| WHAT YOU ARE ASKED TO DO |
Since the listing below shows pictures, leave them out and write out exactly the lines from the line with "(2)通過上述兩種簡易測量方法而計算求得的擺線輪參數e,Rz和a0,可由式(1) , (2)" to the line with "Ships by end", both included, and no others.

| RECORDS SUPPLIED |

========

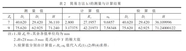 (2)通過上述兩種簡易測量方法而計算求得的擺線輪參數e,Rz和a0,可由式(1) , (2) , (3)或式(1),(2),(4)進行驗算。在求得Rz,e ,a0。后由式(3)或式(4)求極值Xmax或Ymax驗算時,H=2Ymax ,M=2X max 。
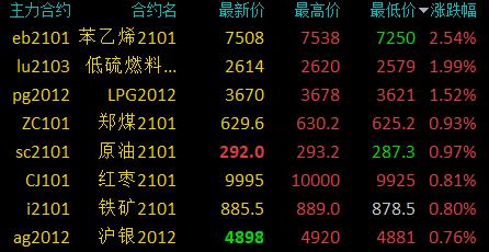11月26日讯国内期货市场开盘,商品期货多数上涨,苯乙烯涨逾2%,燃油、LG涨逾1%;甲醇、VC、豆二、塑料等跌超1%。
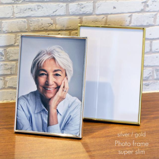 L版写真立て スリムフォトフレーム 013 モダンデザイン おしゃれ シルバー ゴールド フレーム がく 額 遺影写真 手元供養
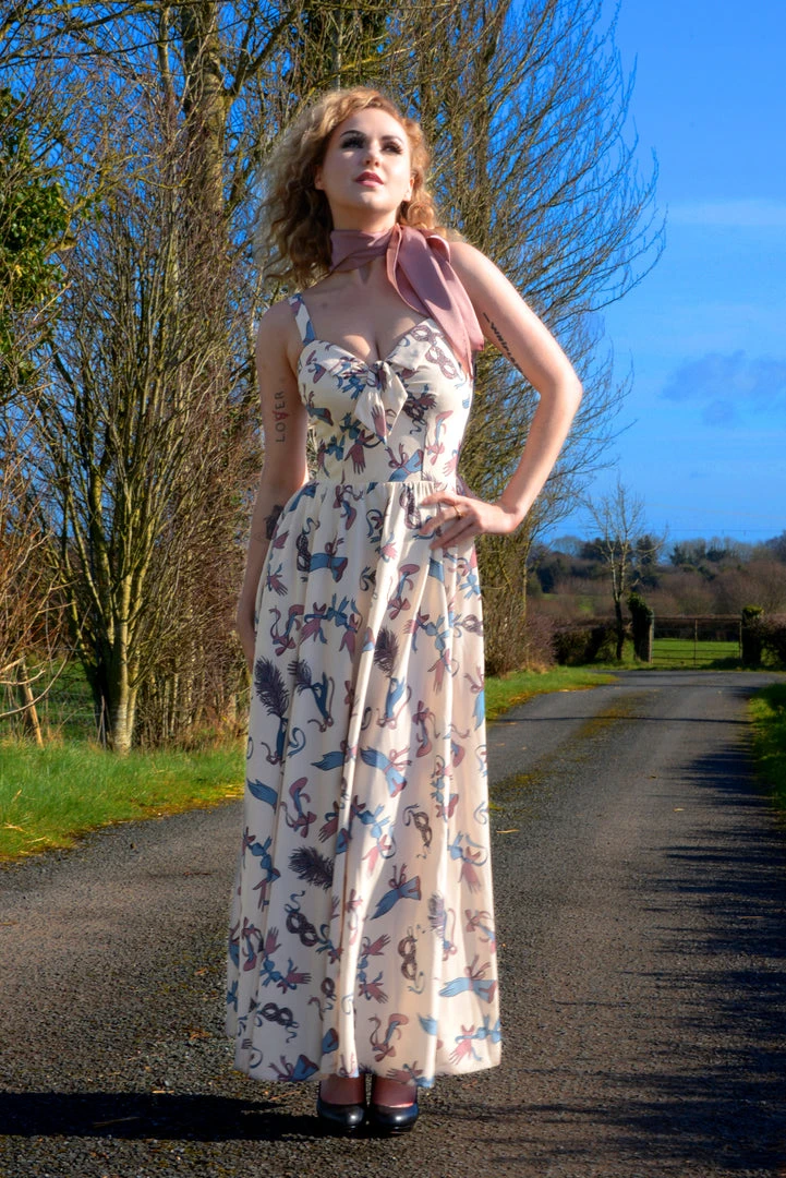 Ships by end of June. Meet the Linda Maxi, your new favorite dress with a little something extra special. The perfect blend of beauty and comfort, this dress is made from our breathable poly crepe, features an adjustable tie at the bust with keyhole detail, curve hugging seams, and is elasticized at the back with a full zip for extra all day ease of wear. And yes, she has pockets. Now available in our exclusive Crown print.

========

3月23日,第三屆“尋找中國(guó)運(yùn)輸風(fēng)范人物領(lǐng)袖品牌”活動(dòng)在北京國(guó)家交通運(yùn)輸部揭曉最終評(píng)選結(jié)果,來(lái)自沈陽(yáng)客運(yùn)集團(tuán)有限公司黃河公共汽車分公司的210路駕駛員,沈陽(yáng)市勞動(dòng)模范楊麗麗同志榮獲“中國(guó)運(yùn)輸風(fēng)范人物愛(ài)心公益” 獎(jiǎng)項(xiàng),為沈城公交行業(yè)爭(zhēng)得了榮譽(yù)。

========

| SOLUTION TO THIS PROBLEM |
 (2)通過上述兩種簡易測量方法而計算求得的擺線輪參數e,Rz和a0,可由式(1) , (2) , (3)或式(1),(2),(4)進行驗算。在求得Rz,e ,a0。后由式(3)或式(4)求極值Xmax或Ymax驗算時,H=2Ymax ,M=2X max 。
11月26日讯国内期货市场开盘,商品期货多数上涨,苯乙烯涨逾2%,燃油、LG涨逾1%;甲醇、VC、豆二、塑料等跌超1%。
 L版写真立て スリムフォトフレーム 013 モダンデザイン おしゃれ シルバー ゴールド フレーム がく 額 遺影写真 手元供養
 Ships by end of June. Meet the Linda Maxi, your new favorite dress with a little something extra special. The perfect blend of beauty and comfort, this dress is made from our breathable poly crepe, features an adjustable tie at the bust with keyhole detail, curve hugging seams, and is elasticized at the back with a full zip for extra all day ease of wear. And yes, she has pockets. Now available in our exclusive Crown print.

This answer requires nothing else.